During the summer, I thought about going back to Boone. I thought about going back to school. Could I get my scholarship back? Could I call Brittany and see if there was still an opening to live in the house?

  At home, Riki and I got into another argument. I found pictures of him on his phone. When I asked him about it and what he planned to do with them, he entered a fit of rage. He kept yelling. As his voice got louder, he got closer and closer to me. I kept backing up, hoping that if he saw the look on my face he’d stop. He kept coming toward me. And then it happened—Riki pushed me into the closet door. I moved from the door and ran. He followed me into the guest room. His yelling continued. He said that this wouldn’t have happened if I hadn’t annoyed him; if I hadn’t egged him on, he would never have done that.

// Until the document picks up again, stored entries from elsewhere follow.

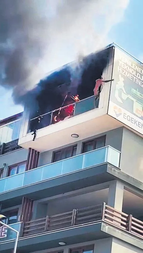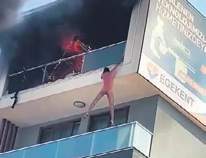 Bir süre sonra alevler, balkona kadar ulaştı. Ölümle burun buruna gelen Erdurur, tutuşan kıyafetlerini çıkardıktan sonra alt kat balkonuna sarktı.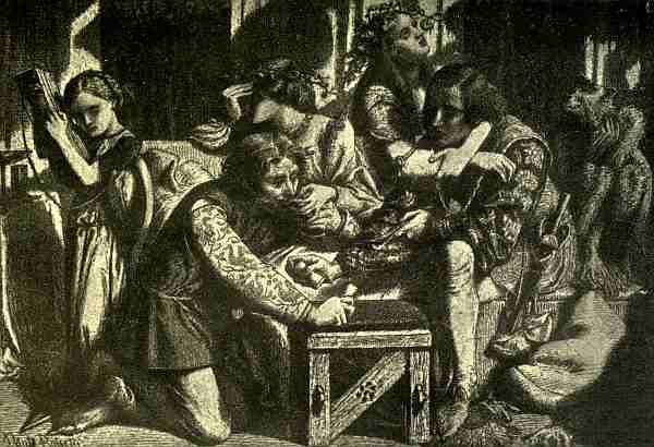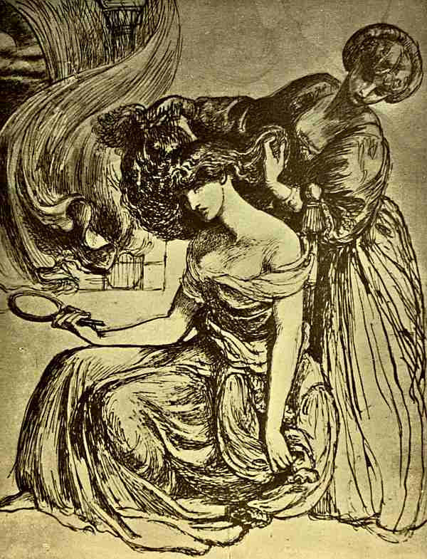 The first illustration for Desdemona's Death Song is simply a rough sketch, but even taken as such it shows how blind or how careless in the matter of form Rossetti at times could be. Here the lower part of the figure is so obviously lacking in proportion that it prevents us accepting an otherwise characteristic drawing as such. Still of Rossetti's best moments is the controlling grace of the bend in the maid's wrist, and the movement of her head as she combs Desdemona's hair. The curtain blown into the room by the wind is one of those touches Rossetti gives everywhere; by insistence on such an incident he makes us live the moments depicted in his pictures—just as we find ourselves in moments of extreme tension watching eagerly something absolutely trivial and making some accident portent with meaning.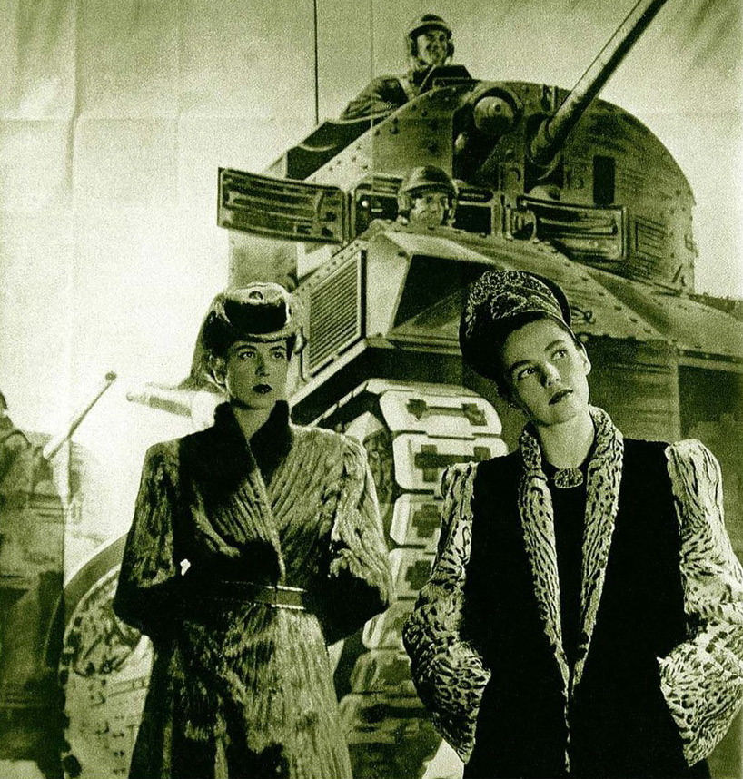 La guerre a également influencé la mode. Premièrement, il y a une déficience tissulaire. Par exemple, en 1940, la France a promulgué un « décret sur la limitation de l'approvisionnement », selon lequel une certaine quantité de tissu était allouée, qui pouvait être utilisée pour la production de vêtements (plus de 4 mètres de tissu ne pouvaient pas être dépensés pour coudre un manteau).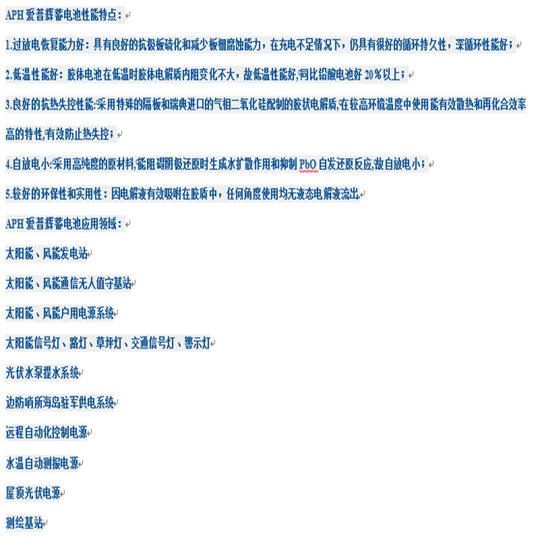 适用于环境广泛,在耐高温、过充电、深放电、长时间储存等方面表现; 胶体低维护阀控蓄电池技术是1957年由德国“阳光”发明;板栅结构,负极涂膏式,正极A400为涂膏式,而A600为管式,大大提 高活性物质的利用率,延长使用寿命;极柱密封结构主双层滑动密封,提高密封效果,无溢酸与漏液现象; 浮充电压低:单体为2.25(A400)-2.27(A600);散热效果好,没有温升,不存在电池干枯现象以及热失控现象; 电池贮存时间长,投入使用前不补充电长可达2年,仍有40%容量;应用范围包括电信、电力、UPS、应急动力、照明、铁路信号、海事设备等; 固体凝胶电解质,完全密封,无内部短路,无酸分层;的承受深放电及大电流放电能力,有过充及过放自我保护。

  These types of episodes continued. The focus of Riki’s anger, at times, transferred to his dog, Yonder. There were times when Riki got angry that he kicked and punched the dog. I can still hear the poor dog screeching. I couldn’t help but cry. My dog, Louis, would hide under the table. What was I doing there?

  I think about that girl now, and it brings tears to my eyes. How did I get there? Why was this going on? Why wasn’t I strong enough, brave enough, to end this?

  To the outside world, everything was fine. At parties, we looked like a happy, young couple. In photos, based on appearance, it looked like we were in love without anything to worry about. I kept everyone in my life at arm’s length. Everyone remained on the surface. Everything was great in Chapel Hill …

  I should’ve called my mom, my dad, my siblings, Zahn, any of them. Since I’d graduated high school, Uncle Arn’s wife, Erin, had become like a second mom, sister, and best friend to me. All I needed to say to any of them was one word—help. I just couldn’t do it.

  I called Brittany. I told her that I was coming by the house. I think she hoped that I was coming back for good. I told her I’d see her over the weekend.

  I knew that even if I didn’t play volleyball again, it was important to earn a college degree. I could return to App. I also applied to both University of North Carolina and North Carolina State University.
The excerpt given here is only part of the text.